BEGIN

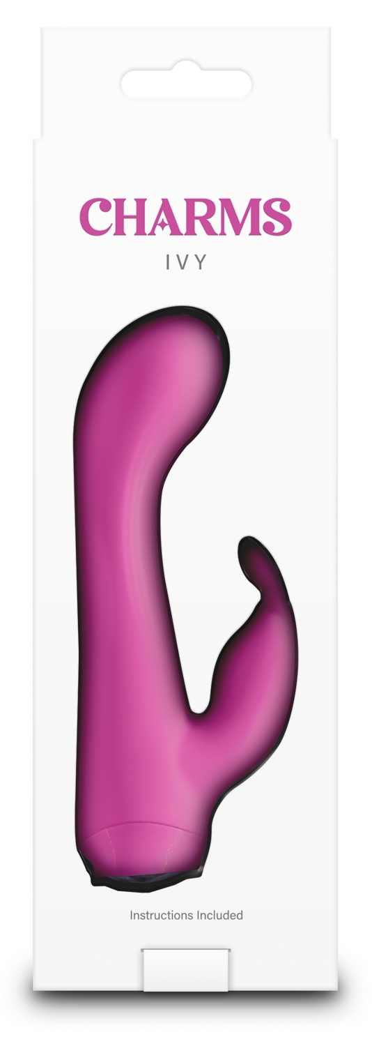 Vibrator compact Charms Ivy Magenta — silicon premium, 13.4 cm, calibru 3.3 cm, cu acumulator USB, zdravăn la apă. 3 viteze și 10 chipuri pentru stârnire punctuală clitoridiană și G. Buton LED în formă de inimă, compatibil cu toate lubrifianții.
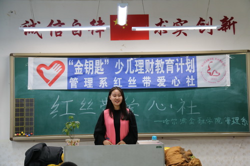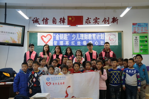 为响应十九大“反对奢侈浪费和不合理消费”的号召,贯彻落实“推动社会主义文化繁荣兴盛,坚持全民行动,从娃娃抓起”的十九大会议精神,提高青少年的金融意识和理财技能,帮助国家培养新一代金融人才,管理系红丝带爱心社于2017年12月11日来到通乡小学开展“金钥匙”少儿理财教育计划活动。
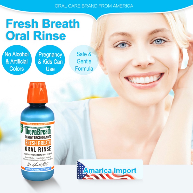 [1261] น้ำยาบ้วนปาก สูตรปราศจากแอลกอฮอล์ Icy Mint TheraBreath Oral Rinse 473ml

END

» BRIEF:
One exact copy of the data, no pictures: write it out line for line.

» EXERCISE RESULT:
 Vibrator compact Charms Ivy Magenta — silicon premium, 13.4 cm, calibru 3.3 cm, cu acumulator USB, zdravăn la apă. 3 viteze și 10 chipuri pentru stârnire punctuală clitoridiană și G. Buton LED în formă de inimă, compatibil cu toate lubrifianții.
 为响应十九大“反对奢侈浪费和不合理消费”的号召,贯彻落实“推动社会主义文化繁荣兴盛,坚持全民行动,从娃娃抓起”的十九大会议精神,提高青少年的金融意识和理财技能,帮助国家培养新一代金融人才,管理系红丝带爱心社于2017年12月11日来到通乡小学开展“金钥匙”少儿理财教育计划活动。
 [1261] น้ำยาบ้วนปาก สูตรปราศจากแอลกอฮอล์ Icy Mint TheraBreath Oral Rinse 473ml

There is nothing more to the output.